→ REQUIREMENT
Pictures are not repeated. Every line from the beginning of the entries through the one with "खेलो इंडिया ट्राइबल" is restated exactly.

→ SUPPLIED RECORDS
* * *

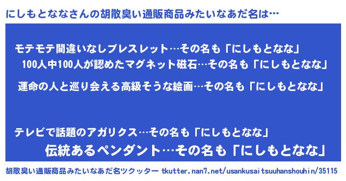 | 欧米人風あだ名 | 『にしもとななクリステル』 |
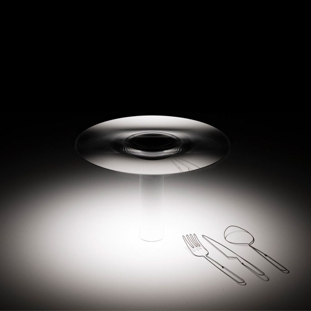 Explore Michele Groppi's iconic Vis à Vis Table Lamp, a luxury cordless table lamp with a transparent design perfect for elegant settings.
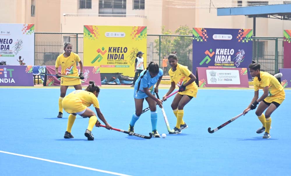 खेलो इंडिया ट्राइबल गेम्स के अंतर्गत राजधानी रायपुर स्थित सरदार वल्लभभाई पटेल इंटरनेशनल हॉकी स्टेडियम में आज तीसरे दिन महिला हॉकी प्रतियोगिता के मुकाबले खेले गए। पूल ‘ए’ में खेले गए मैच में मध्य प्रदेश ने बिहार को 9-0 से पराजित किया। वहीं, पूल ‘बी’ के मुकाबलों में झारखंड ने गुजरात को 16-0 से और ओडिशा ने तमिलनाडु को 14-0 से हराया। आज खेले गए सभी मैच एकतरफा रहे, जिनमें विजेता टीमों ने पूरे समय खेल पर अपना दबदबा बनाए रखा।
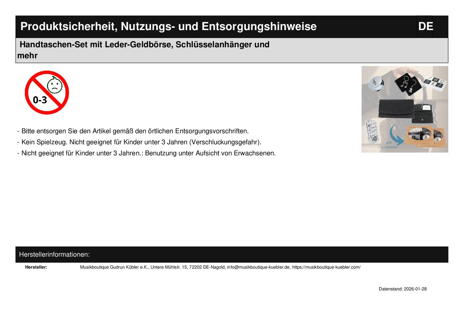 | Titel | Handtaschen-Set mit Leder-Geldbörse, Schlüsselanhänger und mehr |
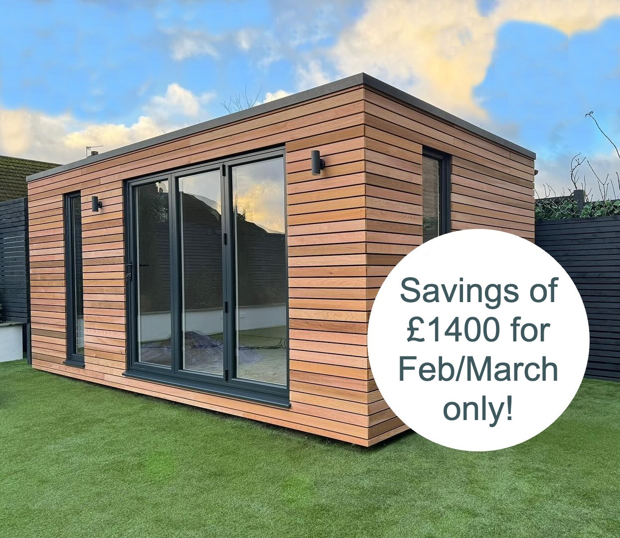 Explore our pricing options for our Contemporary Overhang Studios. All measurements in feet are approximate. Our sizes are rounded down for simplicity, please contact us if you require exact external/internal dimensions. The prices include delivery, installation, and VAT. Contact us for quotes for bespoke designs.
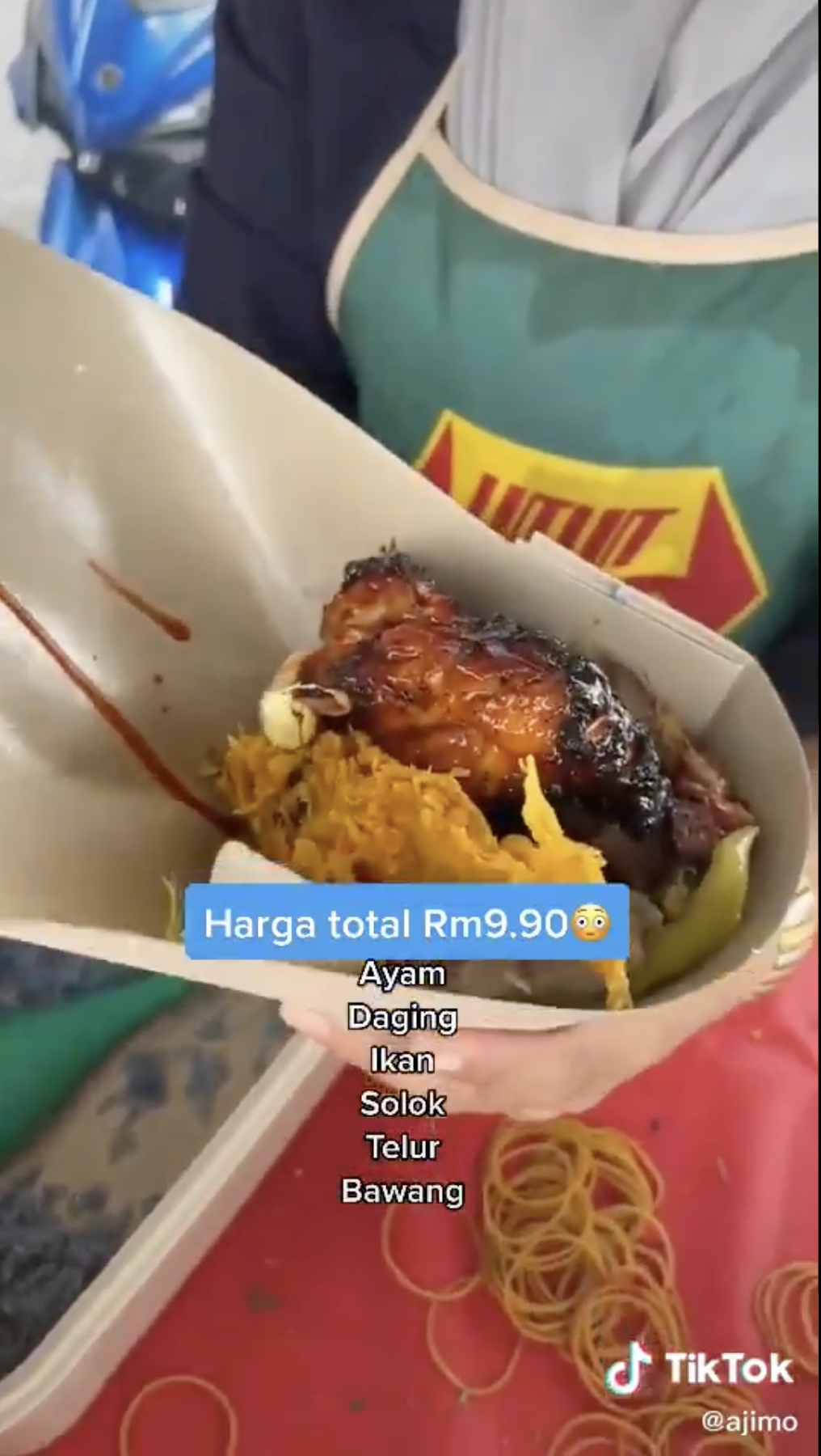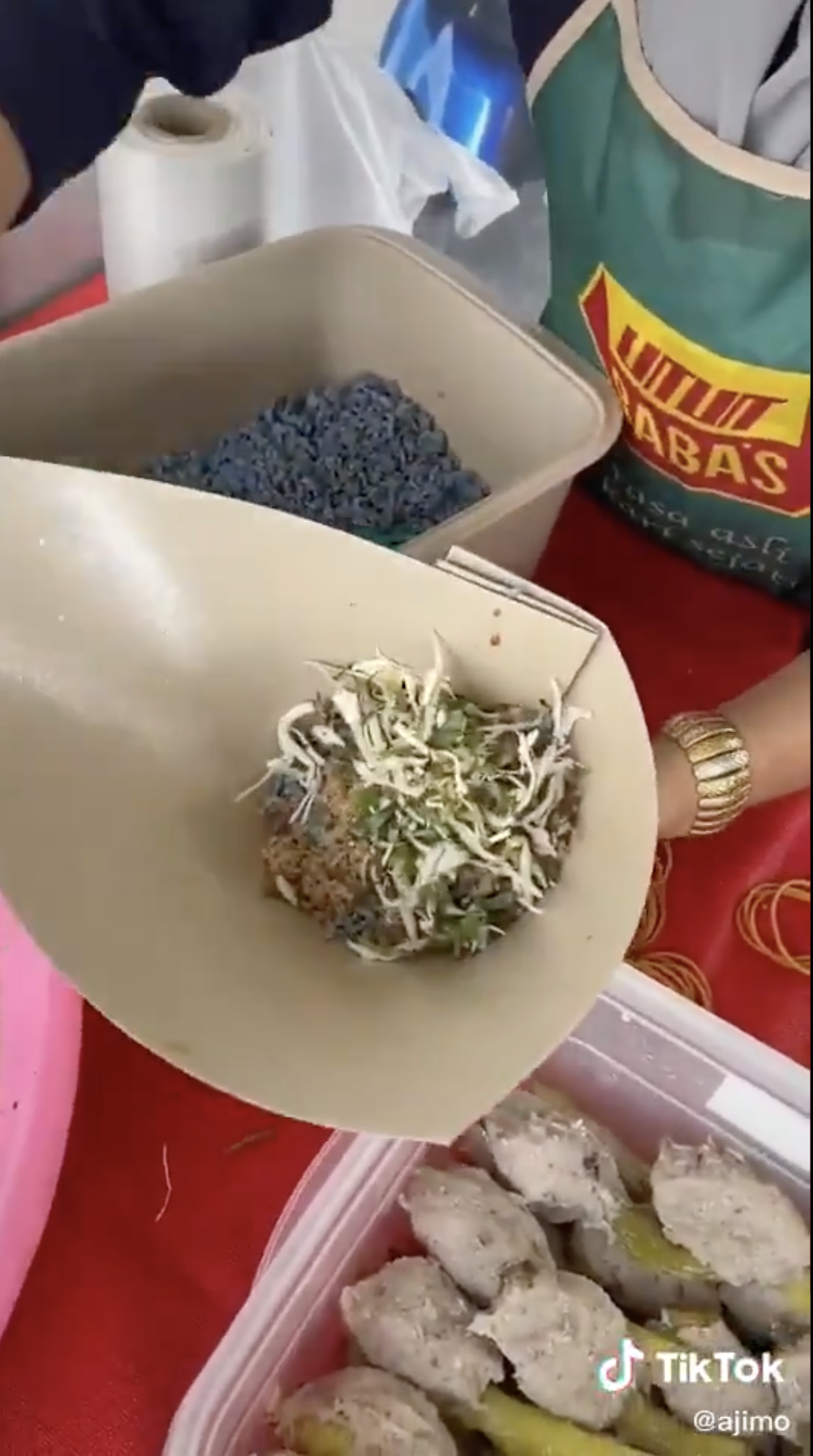 Dia kemudian membeli nasi kerabu dengan memilih enam jenis lauk berbeza buat dirinya. Antara lauk yang dipilihnya adalah ayam, daging, ikan, solok, telur dan bawang.

* * *

→ ANSWER BELOW
 | 欧米人風あだ名 | 『にしもとななクリステル』 |
 Explore Michele Groppi's iconic Vis à Vis Table Lamp, a luxury cordless table lamp with a transparent design perfect for elegant settings.
 खेलो इंडिया ट्राइबल गेम्स के अंतर्गत राजधानी रायपुर स्थित सरदार वल्लभभाई पटेल इंटरनेशनल हॉकी स्टेडियम में आज तीसरे दिन महिला हॉकी प्रतियोगिता के मुकाबले खेले गए। पूल ‘ए’ में खेले गए मैच में मध्य प्रदेश ने बिहार को 9-0 से पराजित किया। वहीं, पूल ‘बी’ के मुकाबलों में झारखंड ने गुजरात को 16-0 से और ओडिशा ने तमिलनाडु को 14-0 से हराया। आज खेले गए सभी मैच एकतरफा रहे, जिनमें विजेता टीमों ने पूरे समय खेल पर अपना दबदबा बनाए रखा।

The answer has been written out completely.